Just about everyone is familiar with the adage that “Necessity is the mother of invention.”  When things are going well we tend to keep doing things the same old way we always have.  We won’t take risks.  When things are going badly (which means the old ways of doing things aren’t working well) we are forced to find new and better ways of doing things.  Even then, most people resist change, accepting only as much as they have to, and only for as long as they are forced to do so by circumstances.  This pattern is one of the major reasons that I oppose our welfare system and the culture that it has created.

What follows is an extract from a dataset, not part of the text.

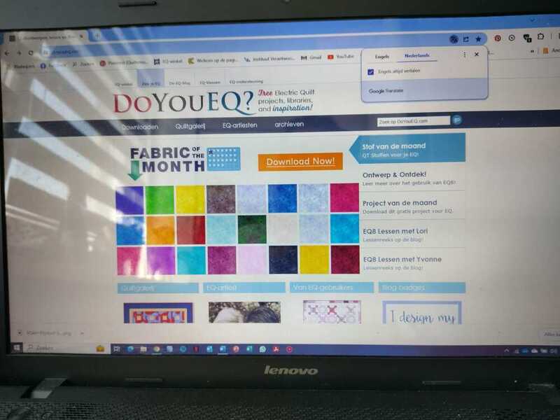 Inmiddels ben ik superblij met EQ8 en ook met de extra informatie die je kunt krijgen. Via de nieuwsbrief krijg je allerhande interessante zaken binnen. Iedere maand staat er een blok in de schijnwerpers, kun je nieuwe stoffen downloaden en/of een instructieles over een bepaald onderwerp lezen. Je kunt op https://doyoueq.com heel wat projecten en blokken (uit het verleden) downloaden en invoegen in de bibliotheek van EQ. Als ik ergens in vast loop kan ik via ‘support’ direct chatten (wel met tijdsverschil rekening houden) met een medewerker in Amerika. Na de chat krijg je de informatie in een mail toegezonden. Zo heb ik al heel wat probleempjes opgelost. Ik doe iedere maand mee met ‘block in the spotlight’. Je wordt uitgedaagd om ‘gereedschappen’ in EQ8 te verkennen en te gebruiken. Je resultaat kun je uploaden en de reacties op het ingestuurde lezen. Er zijn ook ‘At home’ lessen (classes) beschikbaar via ElectricQuilt. Door zoeken, speuren, informeren en uitproberen had ik al zoveel geleerd dat ik meteen de 3e class Master skills kon doen. Deze lessen zijn video’s met ondertiteling en je kunt het in je eigen tempo volgen of herhalen zo vaak als je wilt. Dit vind ik wel een voordeel in vergelijking met groepslessen of een workshop. En de Engelse teksten worden in de computer weer vertaald. Wel blijft de Engelse versie er naast belangrijk omdat het programma in het Engels is.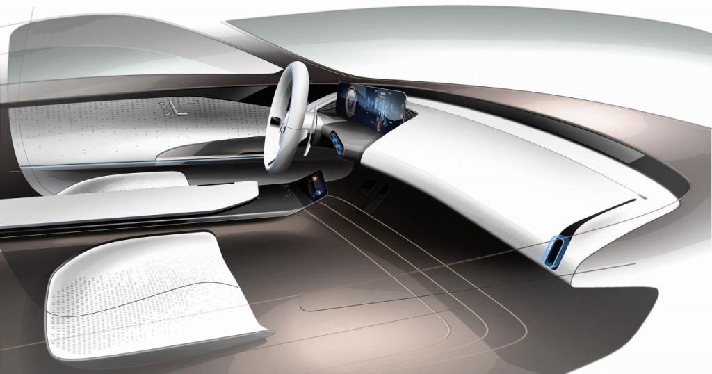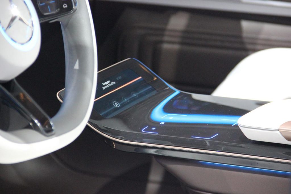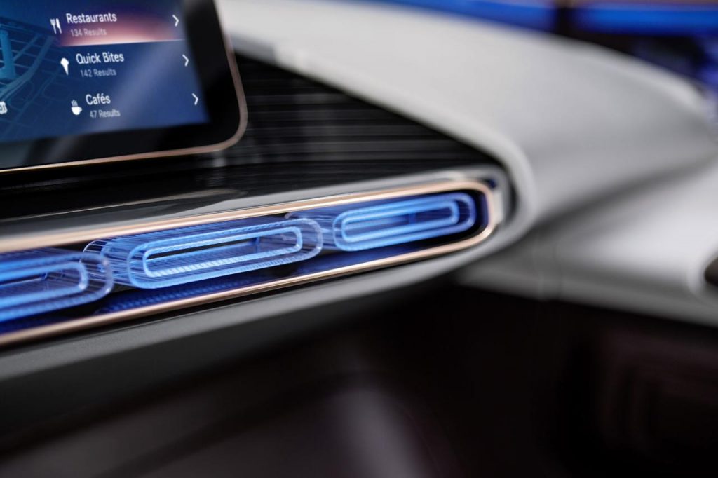 Le style intérieur devrait lui aussi donner des indications sur l’avenir de ces modèles. Avec ici un espace enveloppant autour des occupants des places avant via la continuité portes / planche en arc de cercle. L’instrumentation reprend le principe du double écran en mode panoramique des Classe E et S, ici avec un unique écran de 24 pouces. Mais en sustentation à la façon des écrans des plus petits modèles A / B / C… Un effet accentué par la perte de la continuité entre la console et la planche suspendue.

            In times past individuals and families frequently suffered greatly because of poverty.  In extreme cases people starved to death, froze to death, suffered from sickness, disease and other problems.  Those circumstances were horrible, and no one wants to return to them.  However, those who suffered through those horrible experiences usually became highly motivated to never go through it again.  The pain became the “necessity” that motivated them to “invent” an alternative so that they wouldn’t have to experience the suffering again. 


            Our welfare system provides many of the basic needs for those who are on the lower rungs of the economic ladder.  Unfortunately, it provides enough that many recipients lose the motivation to “invent” their own solutions.  It is easier and safer to let the government provide those necessities for them.  The tragedy is that many recipients never break the cycle of government dependency.  I have heard individuals on Welfare and various government programs complain that they can’t “live” on what they get paid.  They have been deeply offended when I responded that they weren’t “supposed” to be able to live on those government programs.  Those programs were only intended as stopgaps, temporary assistance to help people get through a tough time.   Something is very wrong when individuals spend their entire lives on these programs, and never become self-supporting and independent.

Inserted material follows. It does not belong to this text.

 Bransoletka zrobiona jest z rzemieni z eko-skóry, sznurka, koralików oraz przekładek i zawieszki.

            What was designed to serve as a temporary crutch, has evolved into a permanent trap for its recipients.  Unfortunately, the more generous that assistance becomes the more people get caught in the trap.  It becomes harder and harder for recipients to turn down the increasingly generous assistance provided by the Welfare system.  However, there is an unintended but tragic consequence to these policies.  As necessity diminishes, the need to find an alternative also diminishes, and is ultimately eliminated.  That explains why we now have entire families that have been on Welfare for two, three, or even four generations. 


            It may seem counter-intuitive, but the best way to help people to get off of public assistance, or Welfare, is to decrease the level of assistance and benefits.  If the programs fail to meet basic needs, most recipients will figure out that they need to do something different.  This probably sounds harsh, and perhaps it is.  However, it represents a level of wisdom and commonsense that seems to be increasingly uncommon in our society.  If the goal is to teach people how to become self-sufficient we must begin by breaking the dependency cycle. 

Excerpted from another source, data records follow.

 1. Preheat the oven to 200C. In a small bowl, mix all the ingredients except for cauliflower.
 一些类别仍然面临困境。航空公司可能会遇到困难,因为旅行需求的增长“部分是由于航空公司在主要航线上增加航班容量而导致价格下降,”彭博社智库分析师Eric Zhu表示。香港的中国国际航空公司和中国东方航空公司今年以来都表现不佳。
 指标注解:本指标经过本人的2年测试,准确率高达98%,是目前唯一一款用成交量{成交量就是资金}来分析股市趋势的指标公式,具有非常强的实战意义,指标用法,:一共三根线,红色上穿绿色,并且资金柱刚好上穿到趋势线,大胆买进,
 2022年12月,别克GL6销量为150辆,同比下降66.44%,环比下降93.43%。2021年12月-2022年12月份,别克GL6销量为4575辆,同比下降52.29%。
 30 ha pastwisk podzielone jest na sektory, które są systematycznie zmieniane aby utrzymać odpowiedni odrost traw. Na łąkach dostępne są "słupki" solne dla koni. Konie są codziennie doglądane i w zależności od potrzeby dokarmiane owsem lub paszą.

            I grew up in an inner-city ghetto and experienced poverty.  My family was eligible for government programs, but my parents never applied for or received them.  Part of it was undoubtedly pride, but a bigger part of it was their determination that their children become capable, independent, and self-supporting.  Three of their four children earned graduate degrees, and we all managed to escape from the ghetto.  Scripture teaches us that “discipline is never pleasant for the moment” and “whom the Lord loves He disciplines.”  Scripture also teaches us to show mercy.  Those at the lowest economic levels deserve better than they currently have.  They deserve to be independent and self-sufficient.  That’s why I believe welfare benefits should be reduced, not increased.